_TASK TO CARRY OUT_
Reproduce the opening lines of the listing below exactly, stopping after the line that contains "Šaty klasik krátky" and leaving out any pictures.
╭──
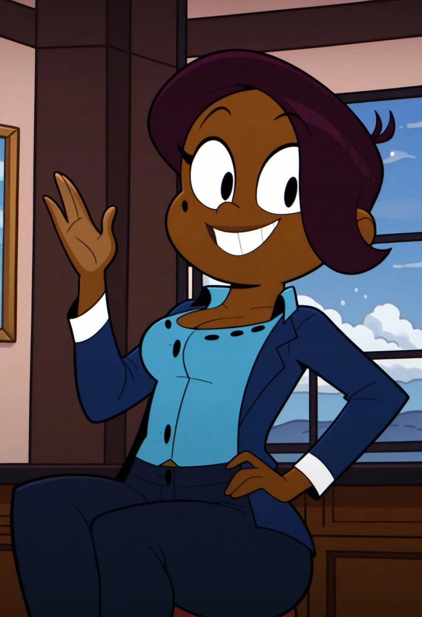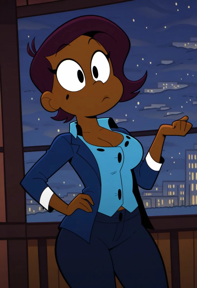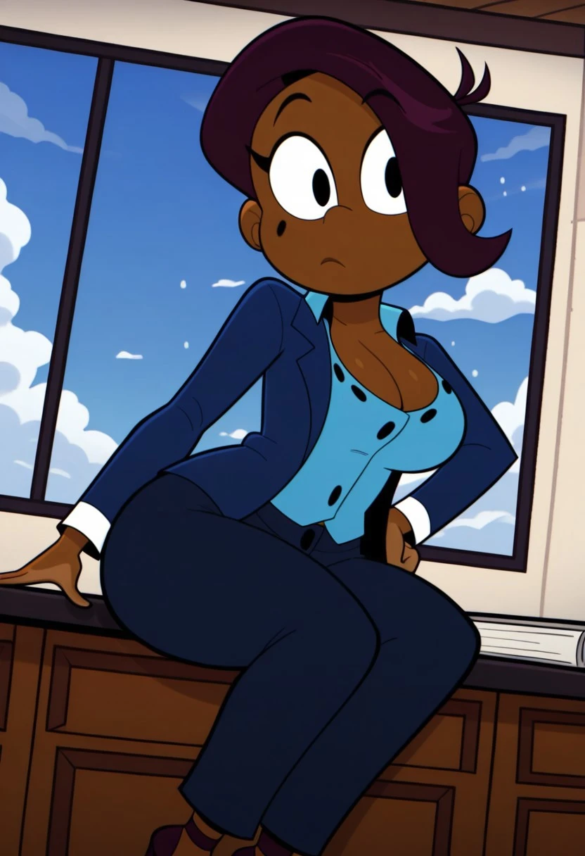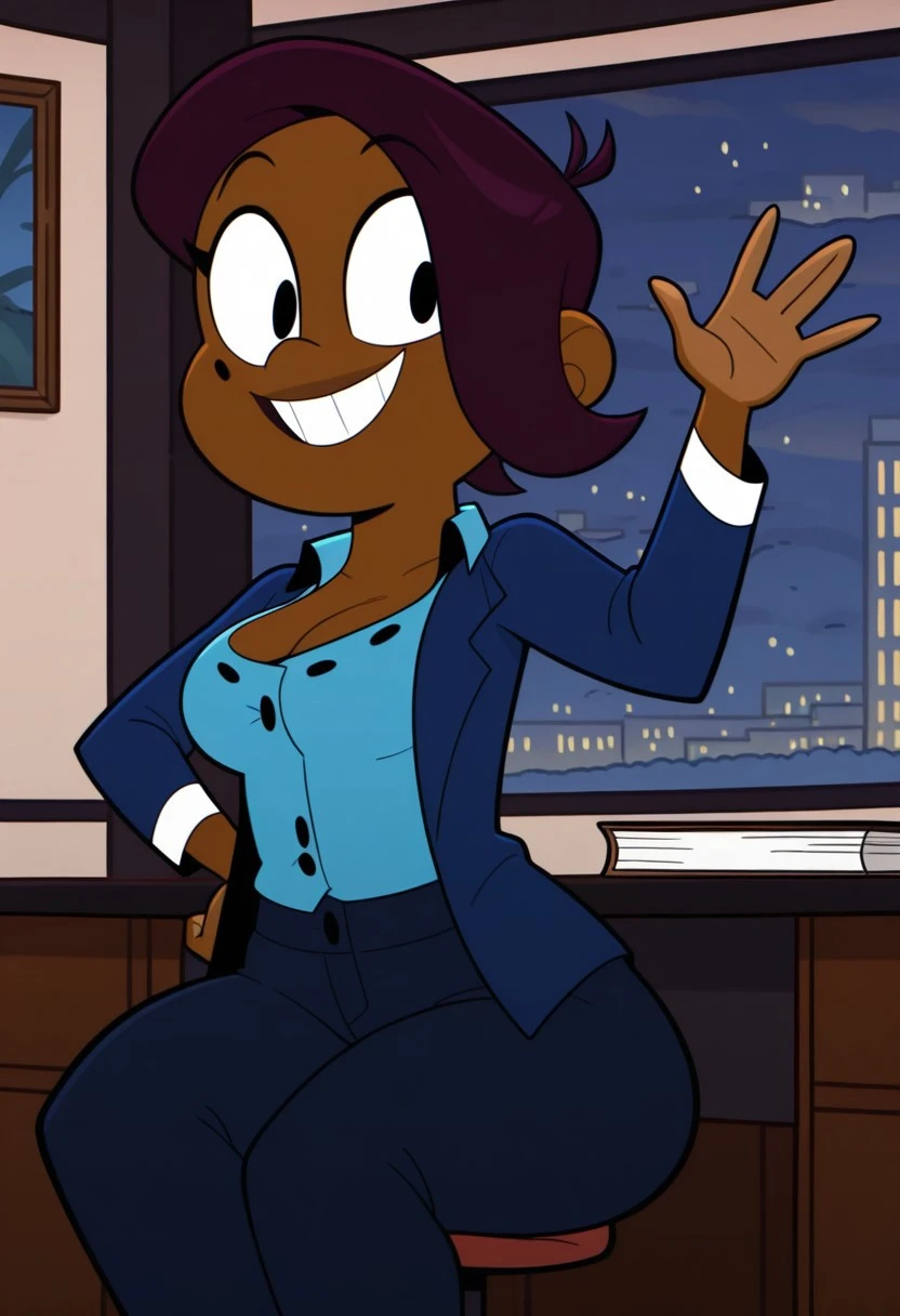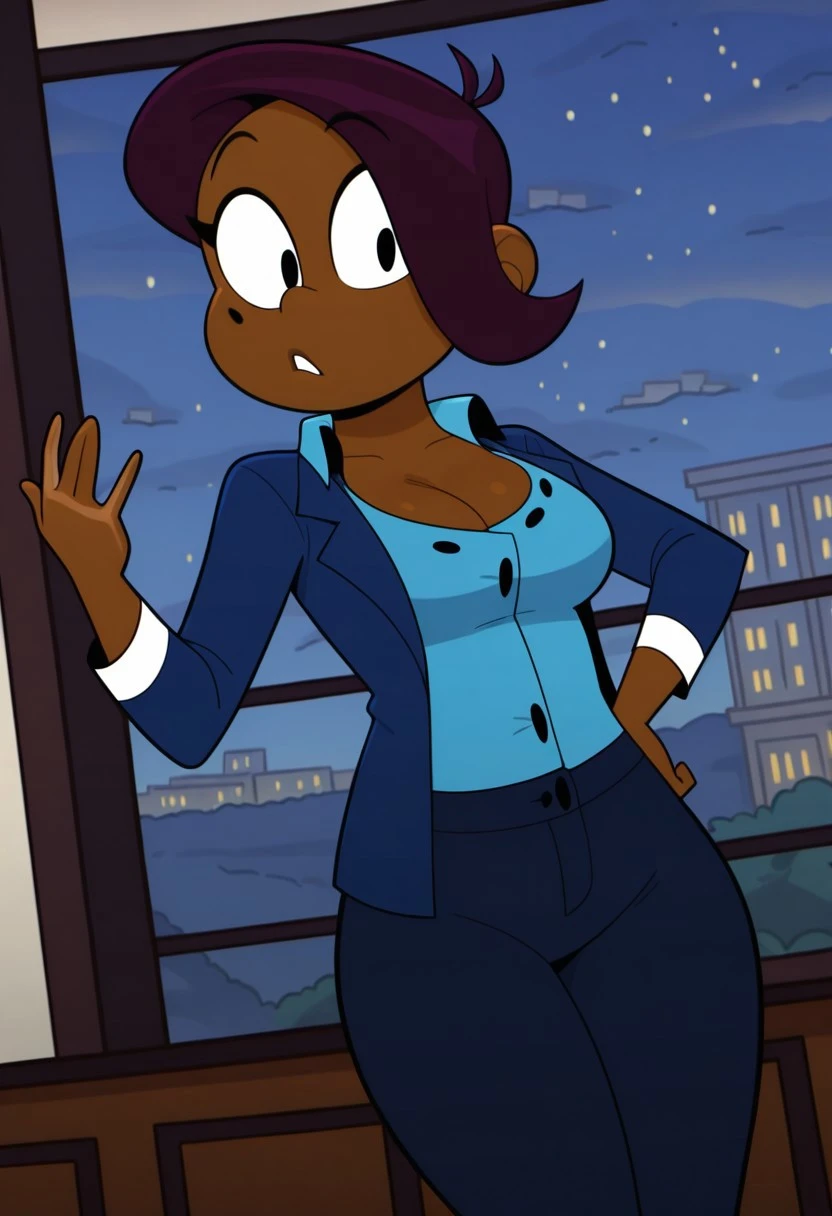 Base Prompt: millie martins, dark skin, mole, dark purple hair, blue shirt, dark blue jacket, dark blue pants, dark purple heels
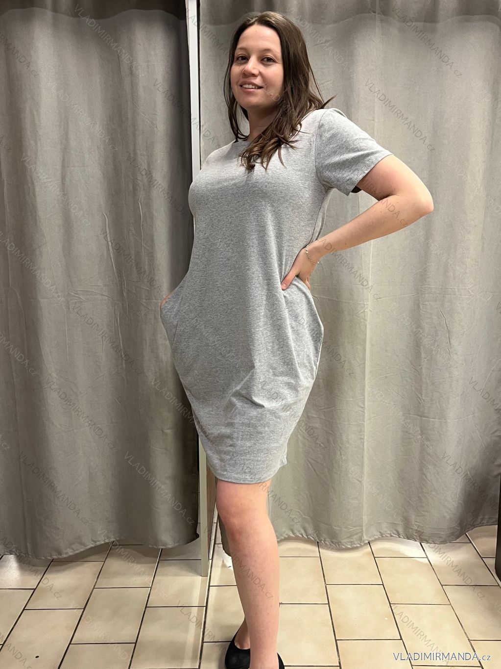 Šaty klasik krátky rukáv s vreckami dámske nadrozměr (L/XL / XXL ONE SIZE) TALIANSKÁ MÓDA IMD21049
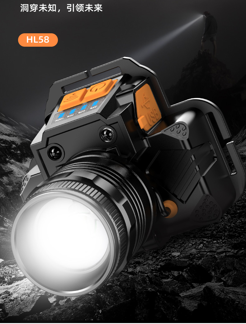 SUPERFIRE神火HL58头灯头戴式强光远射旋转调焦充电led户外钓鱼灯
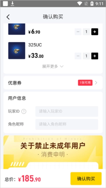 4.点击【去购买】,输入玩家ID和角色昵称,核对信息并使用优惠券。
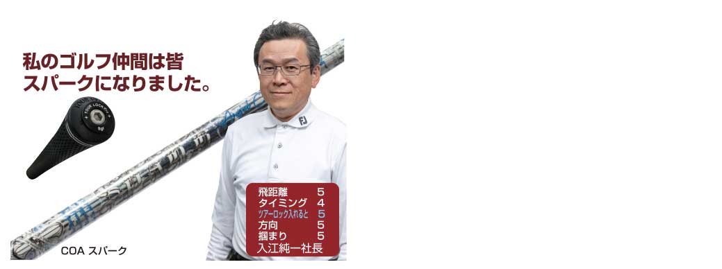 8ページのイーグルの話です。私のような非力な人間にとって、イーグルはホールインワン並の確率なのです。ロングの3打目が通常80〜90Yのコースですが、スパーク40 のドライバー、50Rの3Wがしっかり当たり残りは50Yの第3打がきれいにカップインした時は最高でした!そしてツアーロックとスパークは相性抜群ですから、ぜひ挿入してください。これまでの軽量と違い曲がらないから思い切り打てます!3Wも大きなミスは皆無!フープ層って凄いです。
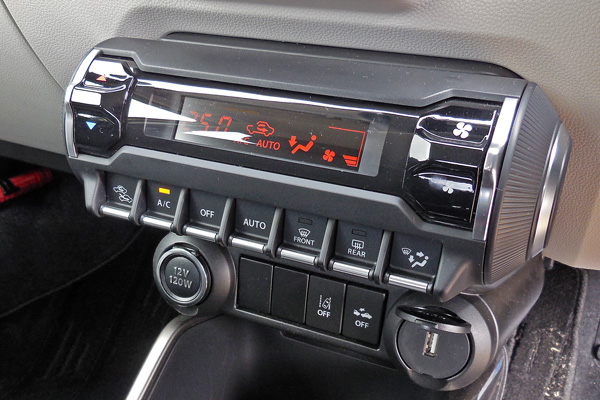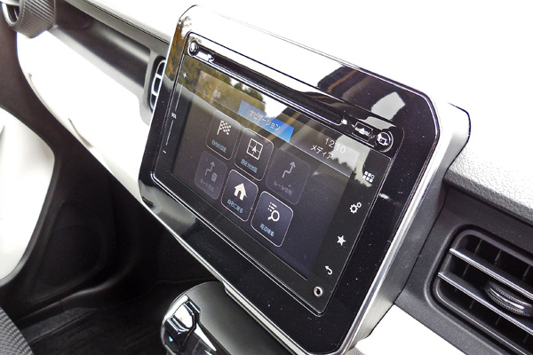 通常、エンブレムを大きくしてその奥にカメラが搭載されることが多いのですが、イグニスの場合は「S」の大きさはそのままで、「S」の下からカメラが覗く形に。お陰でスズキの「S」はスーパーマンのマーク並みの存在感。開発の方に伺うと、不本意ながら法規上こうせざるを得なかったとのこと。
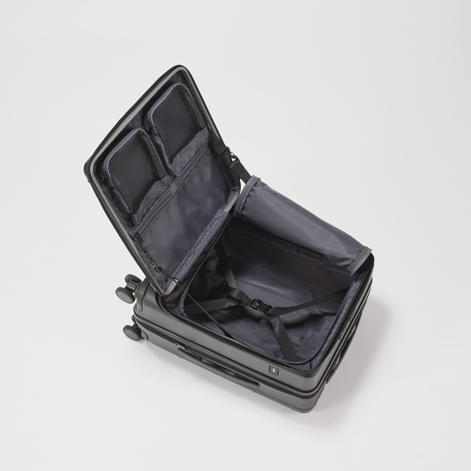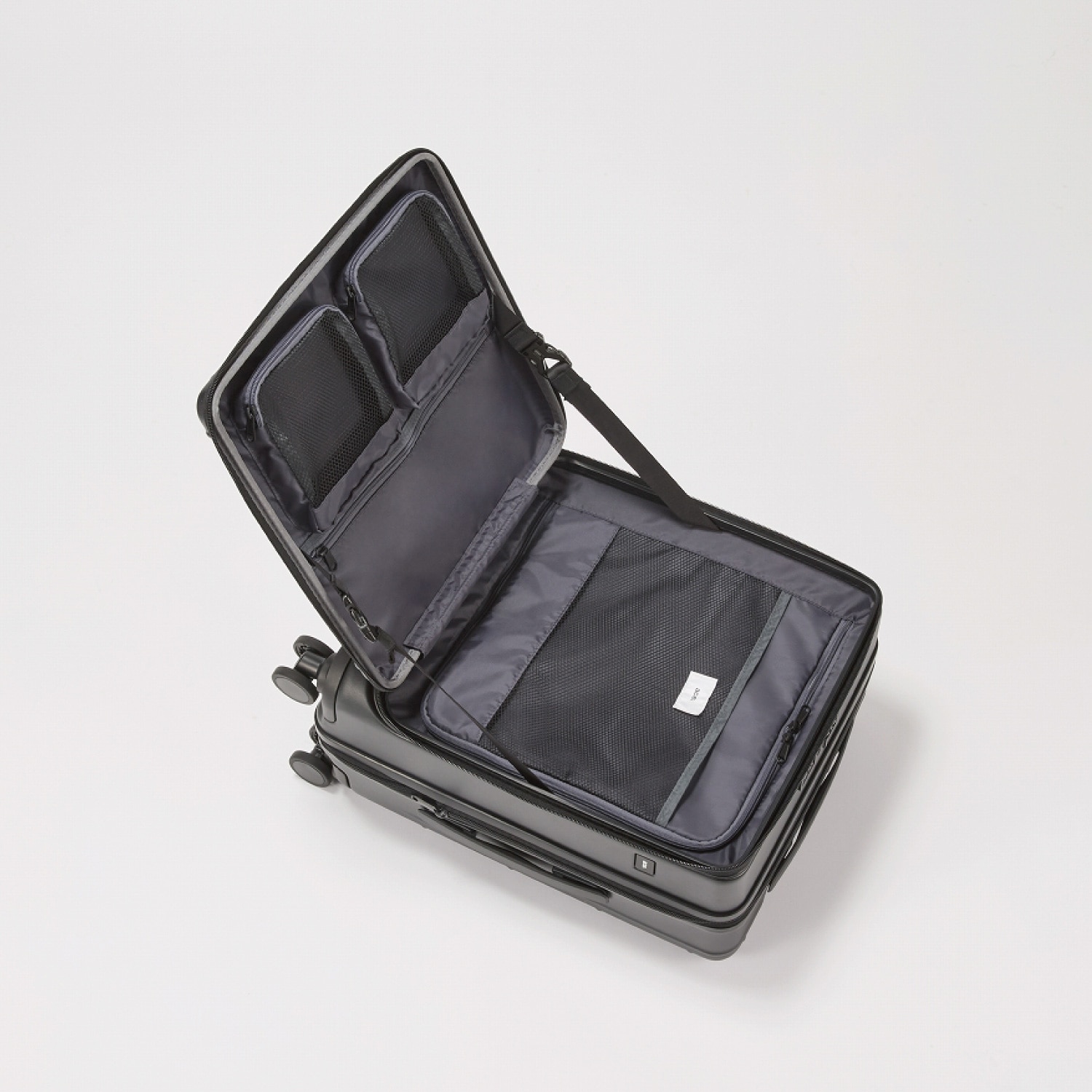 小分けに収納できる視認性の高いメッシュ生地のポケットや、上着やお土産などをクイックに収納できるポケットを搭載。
╰──
_YOUR RESPONSE_
 Base Prompt: millie martins, dark skin, mole, dark purple hair, blue shirt, dark blue jacket, dark blue pants, dark purple heels
 Šaty klasik krátky rukáv s vreckami dámske nadrozměr (L/XL / XXL ONE SIZE) TALIANSKÁ MÓDA IMD21049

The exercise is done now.